Daphné Dumery


Federaal kamerlid Daphné Dumery (°4 januari 1974, Blankenberge) is rechtuit. Wanneer ze over politiek praat of als advocate haar cliënten verdedigt kan ze in enkele zinnen duidelijk maken waar het op staat. Dat was al zo toen ze als criminologe dagelijks naar de Dienst Vreemdelingenzaken in Brussel pendelde, of later, toen ze na de geboorte van dochter Robine in Gent rechten studeerde. Het was volgens haar echtgenoot Steve Papeliers dan ook slechts een kwestie van tijd tot haar engagement bij de lokale N-VA-afdeling, een lidmaatschap dat teruggaat tot de hoogdagen van de Volksunie, zou uitmonden in iets groters.

In 2010, Daphné stond toen op de tweede plaats van de West-Vlaamse kamerlijst, werd ze verkozen als lid van de Kamer van Volksvertegenwoordigers. Als actief lid van de commissies Binnenlandse Zaken, Buitenlandse Betrekkingen, Justitie, Grondwetsherziening en het Federaal Adviescomité voor Europese Aangelegenheden wordt ze aangezocht om ondervoorzitter te worden van de commissie die zich buigt over het seksueel misbruik ingezonderheid binnen de Kerk.

Als ondervoorzitter van de Belgische delegatie bij de Parlementaire Assemblee van de Raad van Europa (PACE) behartigde Daphné de belangen van de Vlamingen in thema’s als de functionering, uitbreiding en het optreden van de Europese Unie, de migratiestromen van en naar het Schengengebied en de mensensmokkel. In 2012 schrijft ze voor de PACE o.a het rapport “The portrayal of migrants and refugees during election campaigns”.

In Oostende en Zeebrugge kent men haar dan weer als degene die het probleem van de transitillegalen aan de kaak stelde. Op bilateraal vlak gaat Daphné’s aandacht uit naar de samenwerking met onze buurlanden in de bestrijding van de grenscriminaliteit, terwijl ze ook op het vlak van de werking van ons gerecht tracht haar terreinkennis in wetgevend werk om te zetten.

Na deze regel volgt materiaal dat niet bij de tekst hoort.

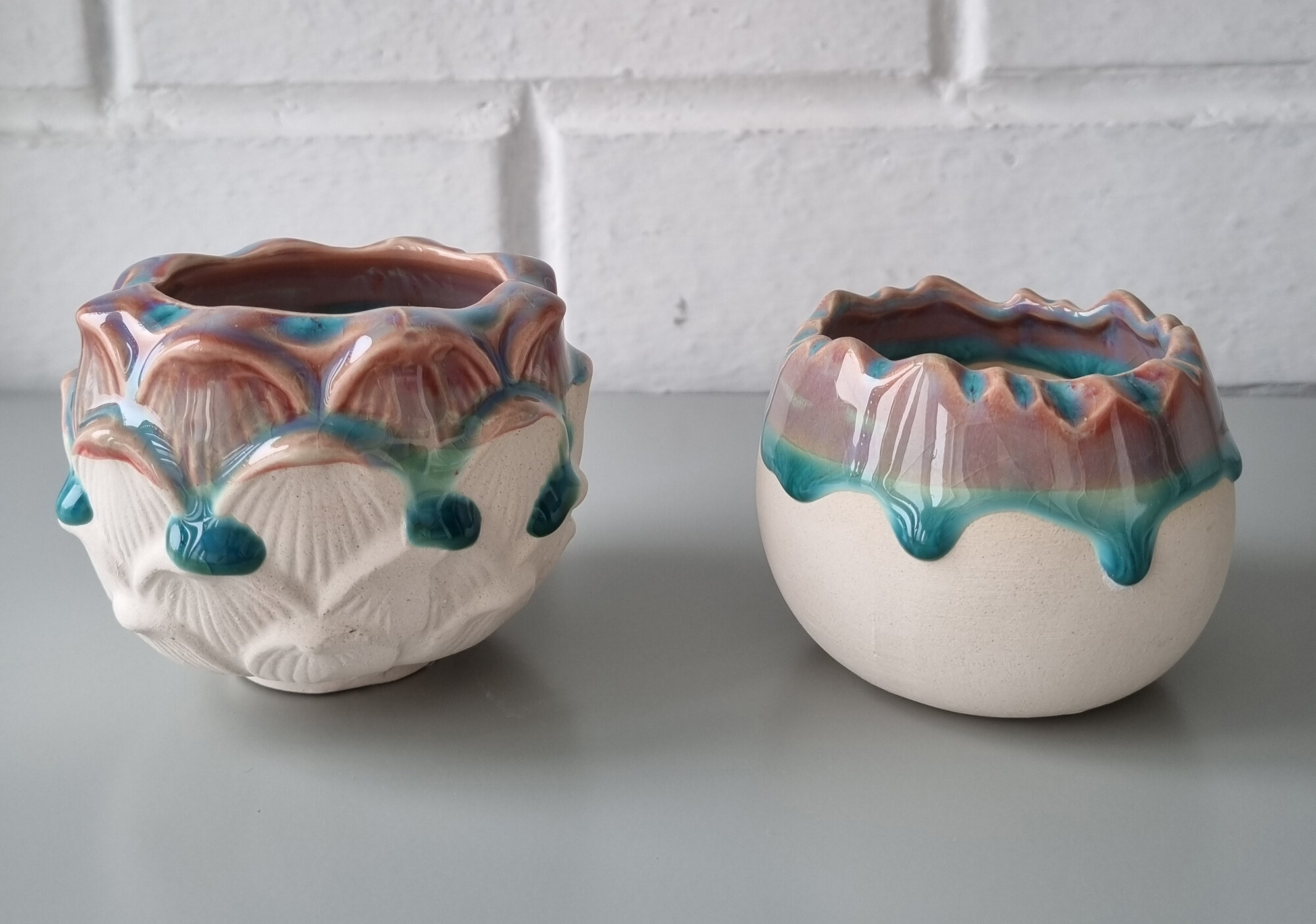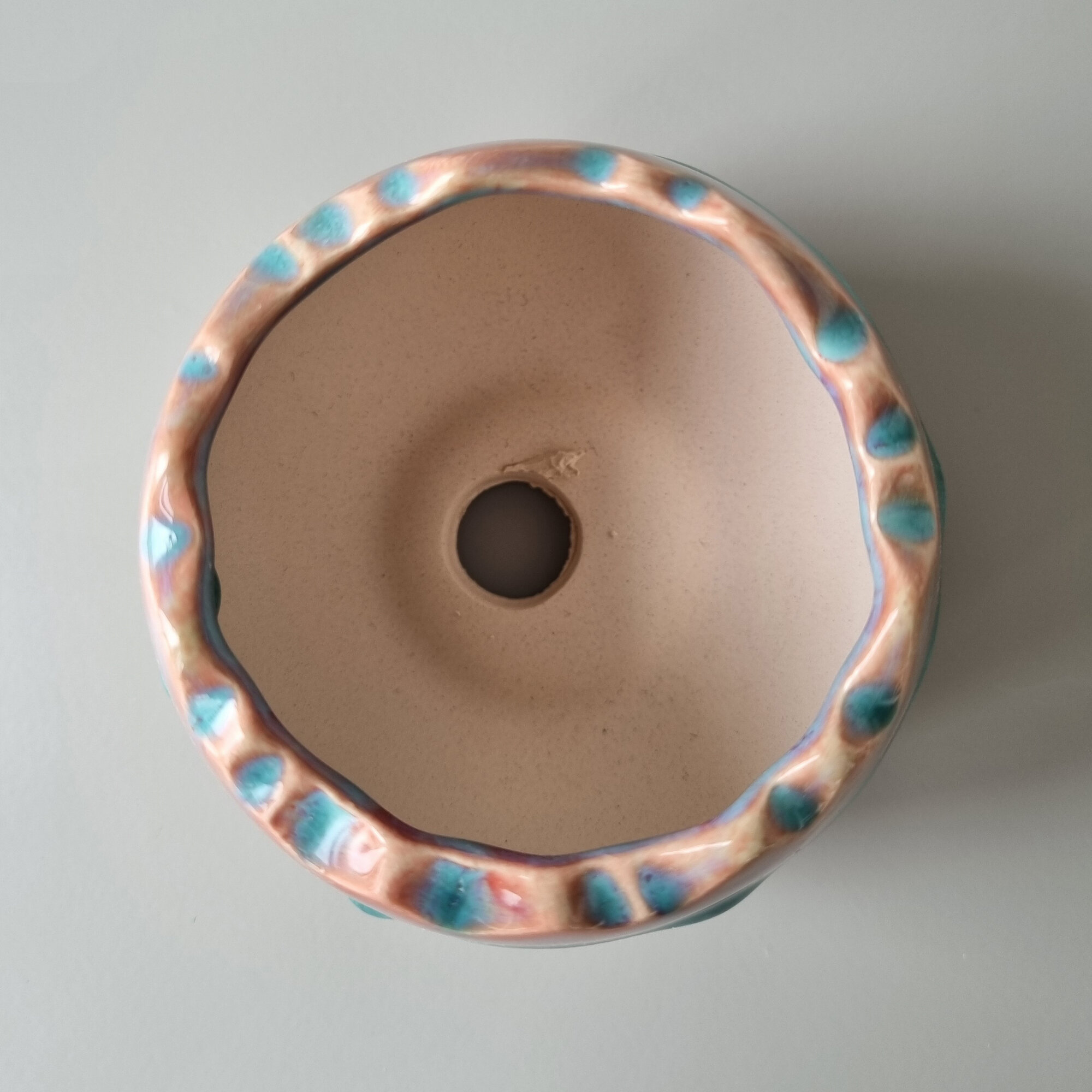 Керамический горшок для суккулентов и кактусов / Керамический горшок для цветов. Белый с голубым
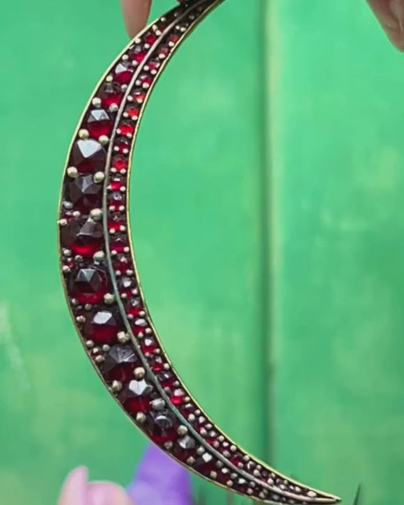 EXCELLENT. This antique Garnet crescent moon pendant is gorgeous! In excellent condition, every Garnet is present and secure, with beautifully hand-cut facets. The back of the pendant is smooth and has only a small sign of conversion from a brooch. This is a gorgeous pendant that will give you much wearing pleasure for years to come!
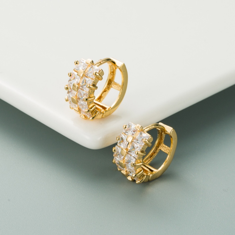 ins rainbow series European and American personality earrings copper gold-plated micro-inlaid color double row zircon earrings hip-hop earrings
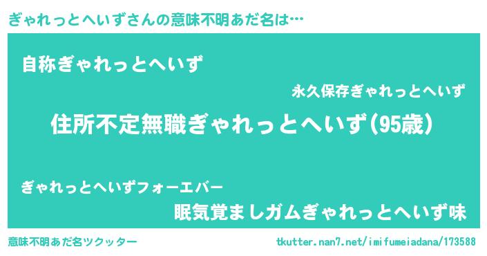 | 男性向けラノベタイトル風あだ名 | 『この素晴らしい世界にぎゃれっとへいずを!』 |
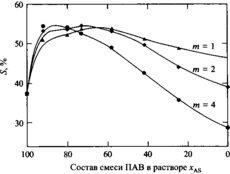 Нормальной самоорганизации индивидуального ионного ПАВ препятствует понижение энтропии вследствие конденсации противоионов. При образовании смешанных агрегатов в смесях катионного и анионного ПАВ происходит значительное увеличение энтропии. Противоионы от обоих ПАВ уходят с поверхности агрегатов. Таким образом, в противоположность ассоциации индивидуального ПАВ энтропия системы не уменьшается, что является движущей силой ассоциации катионных и анионных ПАВ в смесях. Для таких систем среднее значение числа ПАВ полностью теряет смысл. Напротив, можно говорить о немонотонном изменении КПУ с отчетливым максимумом при некотором составе композиции.
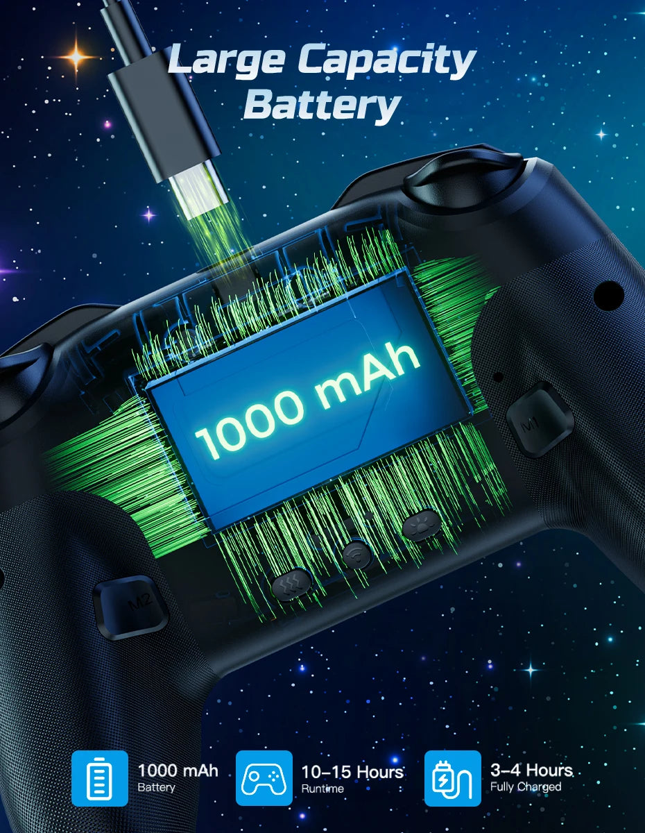 The wireless controller built-in 1000 mAh battery which provide a longer game time (about 10-15 hours) on LED lit mode is turned on. Fully charge takes only 3-4 hours with an included USB type c fast charging cable
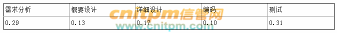 某软件工程项目各开发阶段工作量的比例如下表所示假设当前已处于编码阶段,3000 行程序已完成了1200 行,则该工程项目开发进度已完成的比例是( ) 。A、29% B、45% C、59% D、63%
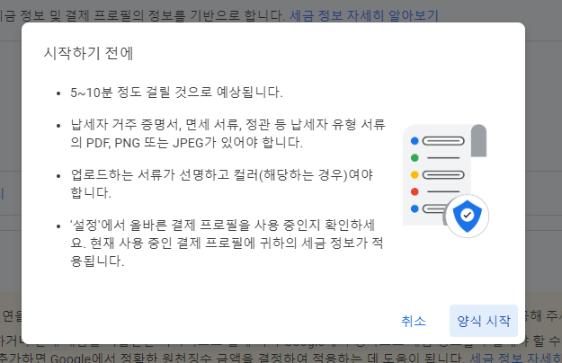 세금정보가 승인되었다는 멘트를 확인할 수 있습니다.
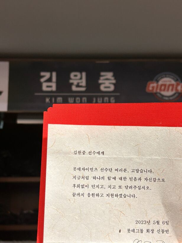 격려품과 함께 '롯데 자이언츠 선수단 여러분, 고맙습니다. 지금처럼 '하나의 힘'에 대한 믿음과 자신감으로 후회없이 던지고, 치고 또 달려주십시오. 끝까지 응원하고 지원하겠습니다'라는 글이 담긴 감사 카드가 신동빈 롯데 그룹 회장 명의로 동봉됐다.

In Brussel verdedigt Daphné ook de belangen van de haven van Zeebrugge. Sinds 27 april 2011 zit zij in de Raad van Bestuur van MBZ (Maatschappij van de Brugse Zeehaven). 

Vervolgens zette Daphné als algemeen penningmeester en lid van het dagelijks bestuur van de N-VA mee de bakens uit voor de succesvolle verkiezingscampagne van 2012 waarin Vlaanderen overspoeld werd door de zwart-gele N-VA-tsunami.

Ook in Blankenberge ging Daphné’s dadendrang niet onopgemerkt voorbij: in 2013 werd Daphné verkozen in de gemeenteraad waar ze een zeskoppige fractie aanvoert. 

Bij de federale verkiezingen van 25 mei 2014 stond Daphné op de tweede plaats in de kieskring West-Vlaanderen en werd ze opnieuw verkozen als lid van de Kamer van Volksvertegenwoordigers. De afgelopen vijf jaar (legislatuur 54) was zij actief lid in de commissie belast met de problemen inzake handels- en economisch recht, de commissie infrastructuur, verkeer en overheidsbedrijven en de commissie sociale zaken. 

In 2014 legde Daphné de eed af als eerste schepen van de stad Blankenberge. Met de bevoegdheden middenstand en lokale economie, m.i.v. carnaval en Halloween, onderwijs en jeugd, en tenslotte ook sociale zaken en welzijn wist zij als enige N-VA-schepen een duidelijke stempel te drukken op het beleid. De inspanningen die zij leverde voor Blankenberge werden beloond op 14 oktober 2018: tijdens de gemeenteraadsverkiezingen haalde zij maar liefst 1609 voorkeursstemmen binnen.   

Begin 2019 legde Daphné de eed af als eerste vrouwelijke burgemeester van Blankenberge. Als burgemeester wil zij een ander soort politiek voeren in Blankenberge, met name een politiek die meer gericht is op de mensen: het moet meer gaan over mensen dan over prestigeprojecten. En er moet ook meer aandacht gaan naar kansarmoede want Blankenberge scoort niet goed op dat vlak. De uitdagingen zijn groot: meer welvaart creëren, meer jonge gezinnen aantrekken, onze badstad op de kaart zetten als aantrekkelijk en modern en onderweg niemand achterlaten.